Multi-region failure mode — single-region (ap-northeast-1) by current scope; multi-region failover requires replicated Redis + DynamoDB Global Tables.
Per-customer cost attribution — useful for chargeback but adds storage cost; deferred until cost data shapes are stable.

Runbook: Cost Spike Detected at 3am JST

Symptoms: US-07 daily-spend metric > 110% of budget within first 4 hours of UTC day; Bedrock invocation rate > 2× rolling 7-day average.

Triage (in order):

Set degradation_active=true via the feature-flag evaluator (effective globally in ≤ 30s). All stories tier-down per README precedence rules.
Read cache_hit_audit_accuracy from CloudWatch — if < 90%, semantic cache may be poisoned. Set llm_cost_optimization_enabled=false to bypass the cache entirely.
Read intent_precision from US-02's weekly audit — if < 0.90, template router is misrouting; force fall-through to LLM by raising router's confidence threshold to 0.99 via SSM.
Verify the cost breaker actually tripped: query DDB cost ledger (per US-08 immutable ledger), not Redis.
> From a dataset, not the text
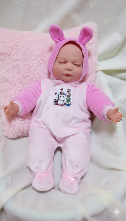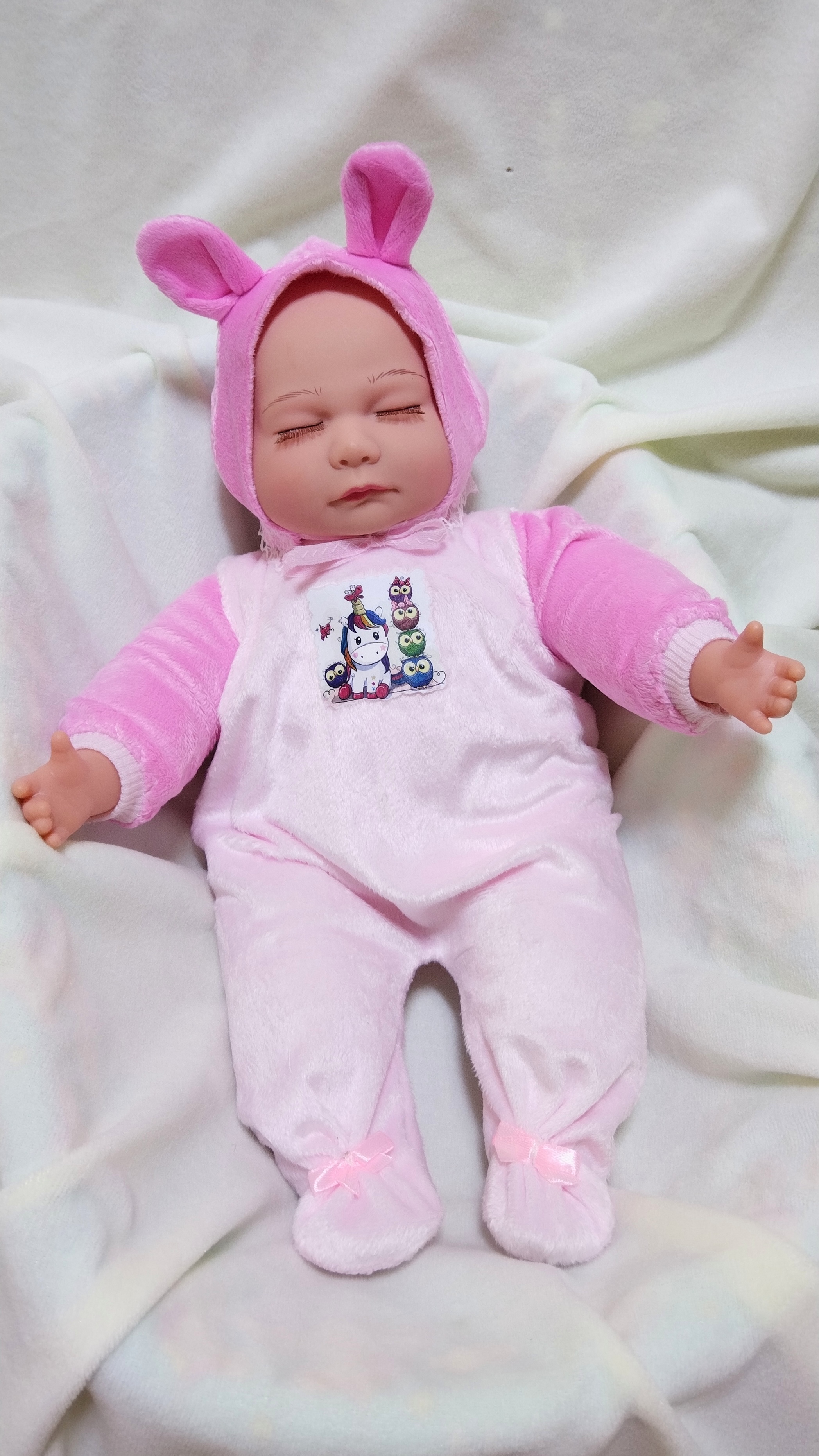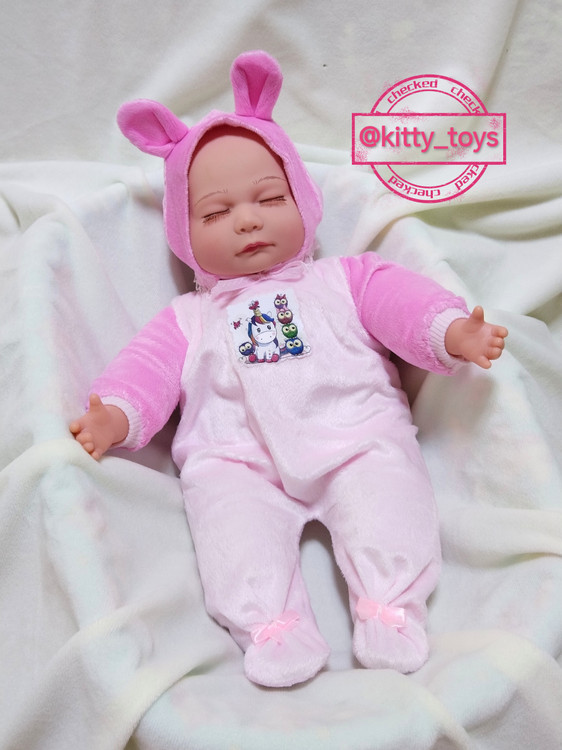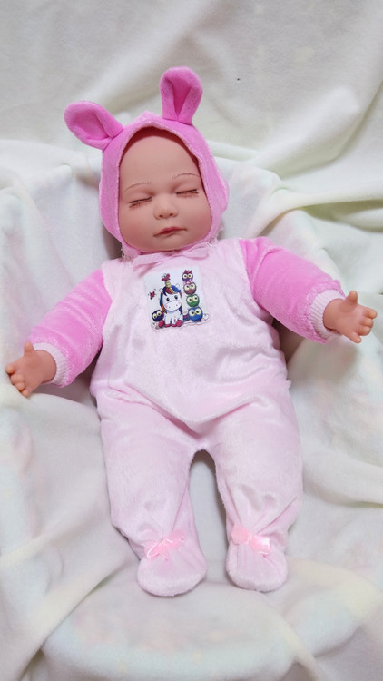 این محصول یک عروسک نوزادخواب زیبای بدن پنبه با قد حدود 38 سانت میباشد. جنس صورت و دست و پاهای عروسک از قسمت مچ سیلیکونی فشرده یا سفت و بدنش پنبه است.

If Redis says tripped but DDB says not, suspect Redis tampering — escalate immediately to security.
Page FinOps lead if not auto-resolved within 15 minutes.

Escalation: if cost continues to climb after step 1, manually scale Bedrock invocation concurrency to zero via the orchestrator kill switch (bedrock_invocation_enabled=false). All chat traffic returns "service temporarily degraded" template responses; cost goes to zero; user impact bounded for ≤ 1 hour while root cause is found.